Out of the sequencer and into the wiki as we face new challenges in genome informatics
© BioMed Central Ltd 2010
Published: 28 October 2010
A report on the joint Cold Spring Harbor Laboratory/Wellcome Trust Conference 'Genome Informatics', 15-19 September 2010, Hinxton, Cambridge, UK.
Next generation sequencing (NGS) analysis, open-source software, cloud computing and wiki-style genomics were among the hot topics and discussions at the recent Genome Informatics meeting at the Wellcome Trust Genome Campus, Cambridge, UK. Here we summarize some highlights of the meeting.
Accuracy of polymorphism detection
Comparison of related genomes can generate a wealth of knowledge about genome evolution and function. Recent advances in NGS technologies have greatly increased the scale and scope with which we can interrogate novel genomes and uncover genetic variation. However, for variation detection and statistical analysis, there are false positive errors for various reasons, notably incompleteness of reference genomes, read mapping errors or limitations, and sequencing-induced features. Benjamin Dickins (Penn State University, University Park, USA) discussed an approach to estimate polymorphism accuracy from NGS data by deeply sequencing a small plasmid genome and comparing it with Sanger sequencing.
Elliott Margulies (National Human Genome Research Institute, Bethesda, USA) gave an enticing presentation on this topic entitled 'Analysis of identical twins' genomes reveals sources of false-positive variation detection'. With 55× and 50× depth of read coverage from each twin's sample, they initially identified 83,538 discordant genotype calls across 97.6% of the human reference genome. Through inspection of a random set of discordantly genotyped positions, he revealed that a majority occurred in regions with poorly aligned reads. Margulies noted that he would be highly suspicious of genotype calls in regions with high coverage but with low mapping scores. When these events were filtered out, the number dropped to 13,140, a reduction of 84%. By then further introducing other filtering mechanisms, such as incorrect alignments of short reads across indels, Q20 (99% confidence) evidence in the other twin and 10% allele frequency, Margulies' final number of discordant genotype calls was only in the range of 500 to 1,000.

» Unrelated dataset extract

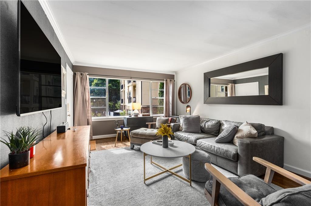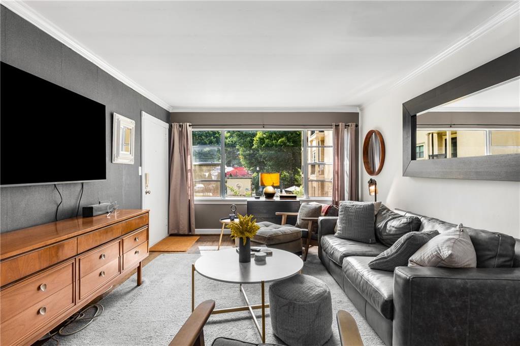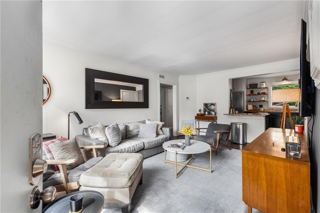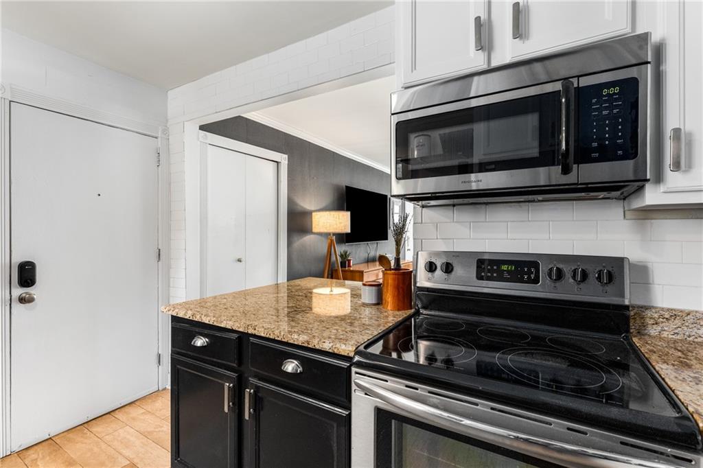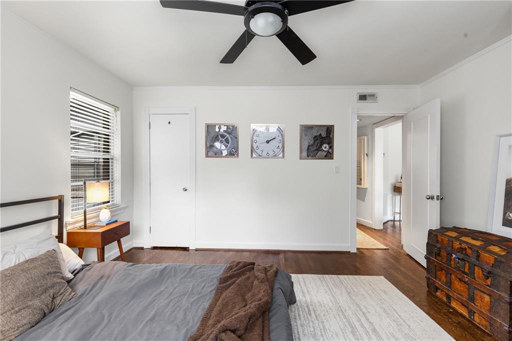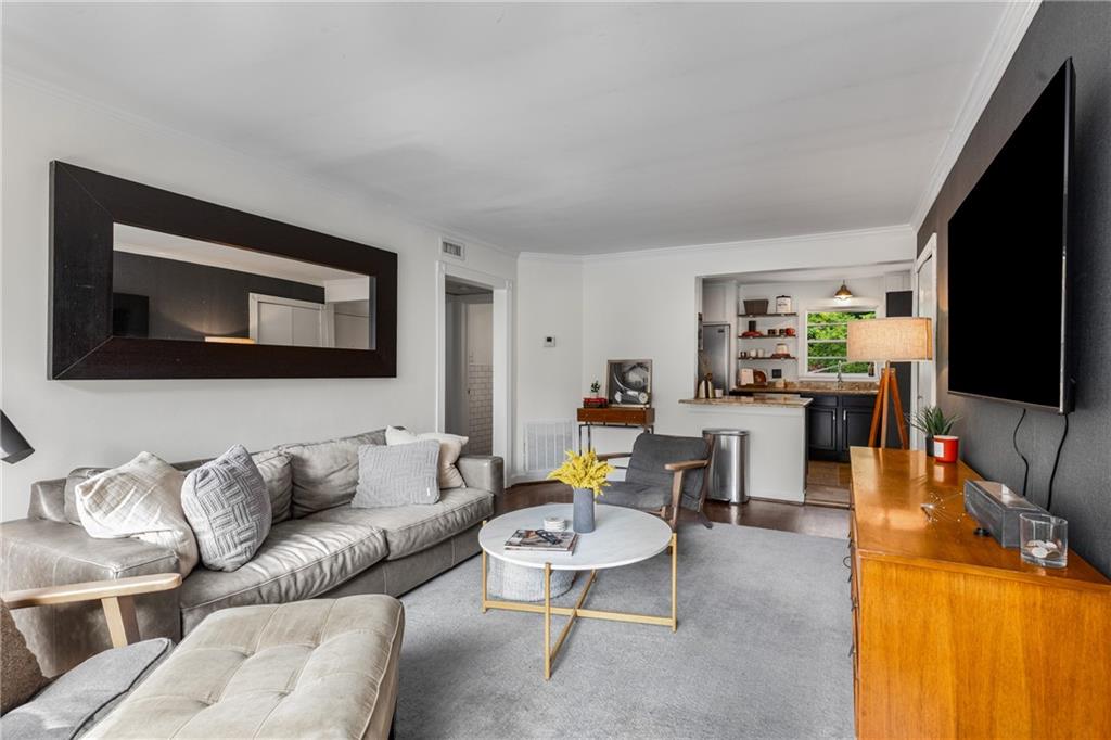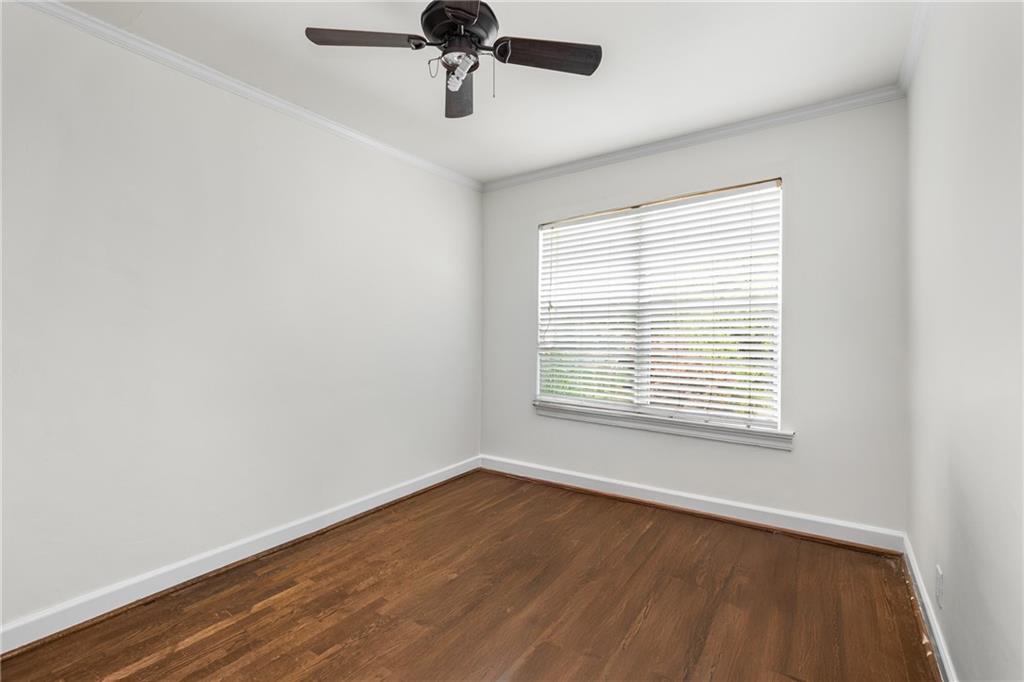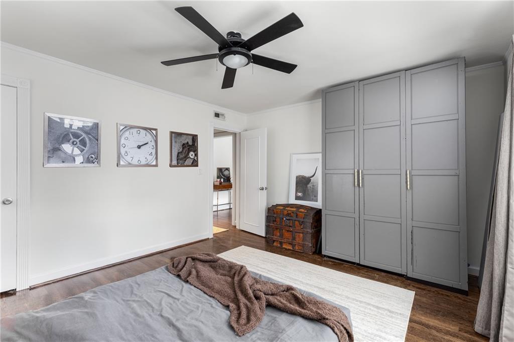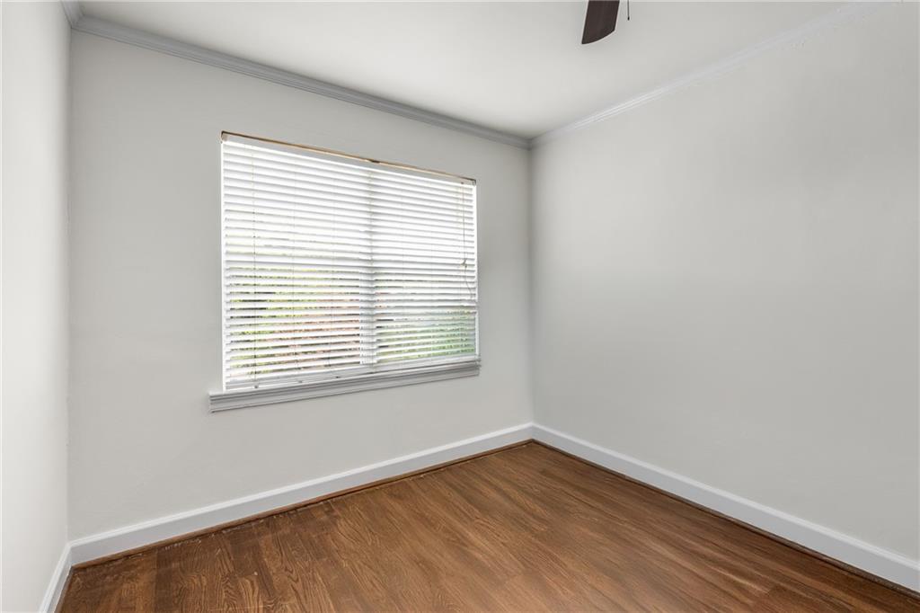 This charming and updated 1940s condo offers the perfect blend of character and convenience in a prime location near Midtown and Buckhead. Featuring 2 bedrooms and 1 bathroom, the home showcases beautiful hardwood floors throughout and oversized, picturesque windows that fill the space with natural light. The spacious living room is ideal for entertaining, complete with a striking designer accent wall. The kitchen is well-equipped with ample storage, stainless steel appliances, subway tile walls, and extra shelving for added functionality. Both bedrooms are generously sized with built-in storage, and the renovated bathroom features floor-to-ceiling tile, a large walk-in shower, and rustic modern finishes. Freshly painted and move-in ready, this condo is located in a gated community with plenty of resident and guest parking. Enjoy outdoor amenities including a community courtyard and pool area, all while being just minutes from shopping, dining, and retail with easy access to I-75/85 and GA-400. HOA includes water. Inquire about potential rental permit availability for investors.

Margulies' suspicion was certainly shared by Richard Durbin (Wellcome Trust Sanger Institute, Cambridge, UK), who told the audience, "If someone tells me that his accuracy on variant detection is 99%, I should be cautious". Durbin described that in the pilot phase of the 1000 Genomes Project, the sequencing strategy with low coverage (2× to 4×) worked well, and it can efficiently find shared sequence variation with good accuracy. The consortium has now started sequencing 2,500 people in five different ethnic groups. Furthermore, Durbin highlighted the recently launched UK 10 K project, which, in collaboration with clinical investigators, will involve sequencing 4,000 cohort samples with rich phenotypes. With massive sample collections under way, further advances in informatics pipelines to reduce errors in variation detection will be indispensable.

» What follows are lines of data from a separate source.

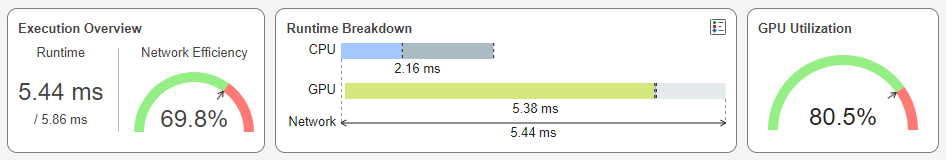 The dashboard summarizes the network execution, runtime, and GPU utilization. Use the Execution Overview, Runtime Breakdown, and GPU Utilization panes to assess the performance of the network.
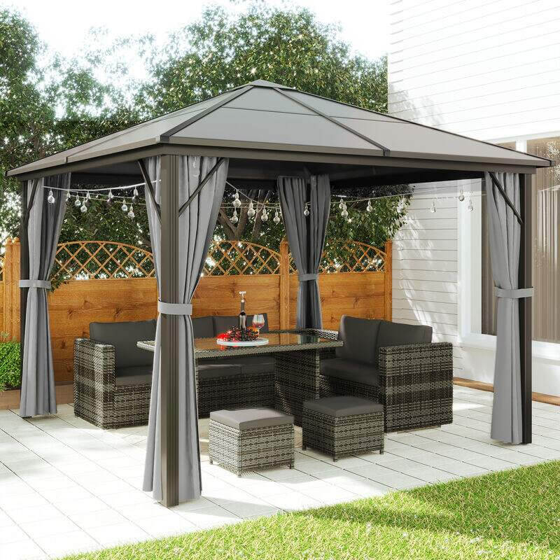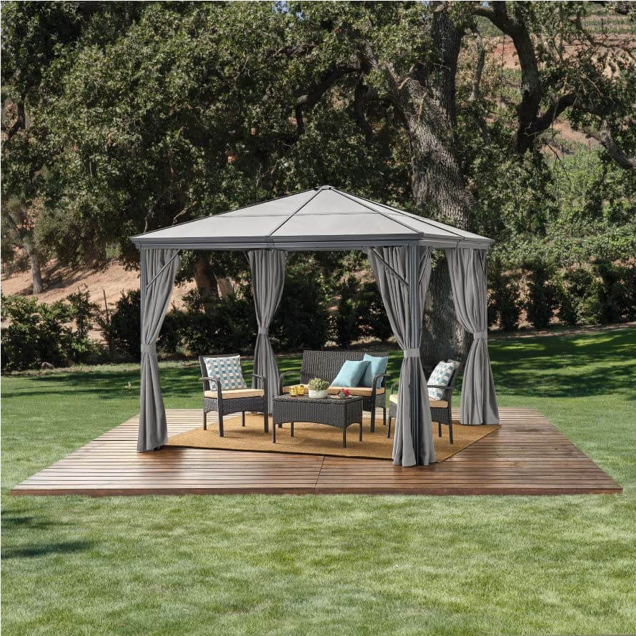 Od weekendowych śniadań po długie letnie wieczory, altana Deluxe stanie się Twoim pokojem na świeżym powietrzu. Twardy dach chroni przed deszczem i upałem, zasłony zapewniają prywatność, a solidna konstrukcja zapewni ochronę przed zmiennymi warunkami pogodowymi.
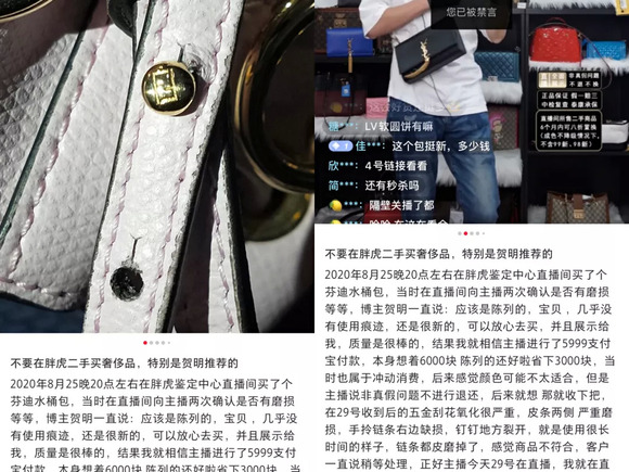一位小红书用户在其主页表示,“不要在胖虎二手买奢侈品,特别是贺某推荐的。”该用户写道,自己在胖虎鉴定中心直播间买了个芬迪水桶包,当时在直播间向主播两次确认是否有磨损等情况,主播一直说:“这款应该是陈列的包包,几乎没有使用痕迹。”然而该用户在收到货后却发现包包存在五金氧化严重、皮条两侧严重磨损等问题。但当自己再在直播间反馈问题时,却被主播禁言了。
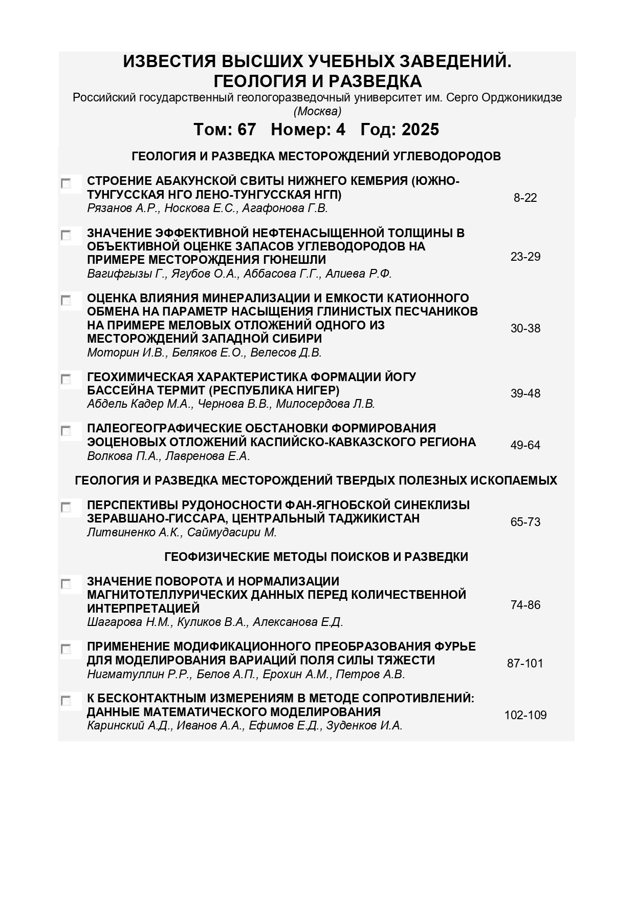 Известия ВУЗов. Сер. Геология и разведка 2025 № 4 |

Genome assembly and read alignment
NGS data provide challenging but exciting prospects for de novo assembly. There were several presentations that focused on development and evaluation of genome assemblers using such data. David Jaffe (Broad Institute, Cambridge, USA) outlined a practical and general laboratory/computational method for generating high-quality de novo genome assemblies. Three types of data were produced with the Illumina platform: 180 bp short-insert reads; 3,000 bp mate-pair reads; and 40,000 bp fosmid ends. The short-insert data were mainly intended to ensure contig base accuracy, whereas the longer jumping fragments provide potential for long-range connectivity. Jaffe generated data for mouse C57BL/6 and human Yoruban NA18507 and then compared the short-read assembler, ALLPATHS, with the reference assembly that used the capillary long-read assembler, Arachne. From the comparison of the results, the quality of short-read assemblies was found to be close to that of capillary assemblies, in terms of both base accuracy and contig connectivity.

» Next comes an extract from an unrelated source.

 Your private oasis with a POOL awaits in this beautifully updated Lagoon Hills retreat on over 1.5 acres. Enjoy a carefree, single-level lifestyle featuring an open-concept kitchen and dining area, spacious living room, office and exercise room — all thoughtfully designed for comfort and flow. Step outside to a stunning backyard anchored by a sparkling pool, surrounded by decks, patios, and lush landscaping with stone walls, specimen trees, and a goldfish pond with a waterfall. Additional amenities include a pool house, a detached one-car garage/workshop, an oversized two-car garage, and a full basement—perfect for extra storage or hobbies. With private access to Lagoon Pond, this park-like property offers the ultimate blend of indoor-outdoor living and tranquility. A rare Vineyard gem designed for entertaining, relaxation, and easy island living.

Transcriptome data also offer great value and unique challenges in helping to identify and assemble gene sets for multiple species. Daniel Zerbino (University of California, Santa Cruz, USA) presented a new methodology, Oasis, which is built in with the popular short-read assembler Velvet. This new program takes in a preliminary assembly produced by Velvet and exploits the read sequence and pairing information to produce transcript isoforms. When possible, it also detects and reports standard alternative splicing events. It is specifically designed to get around the issues of unequal expression levels and alternative splicing breakpoints.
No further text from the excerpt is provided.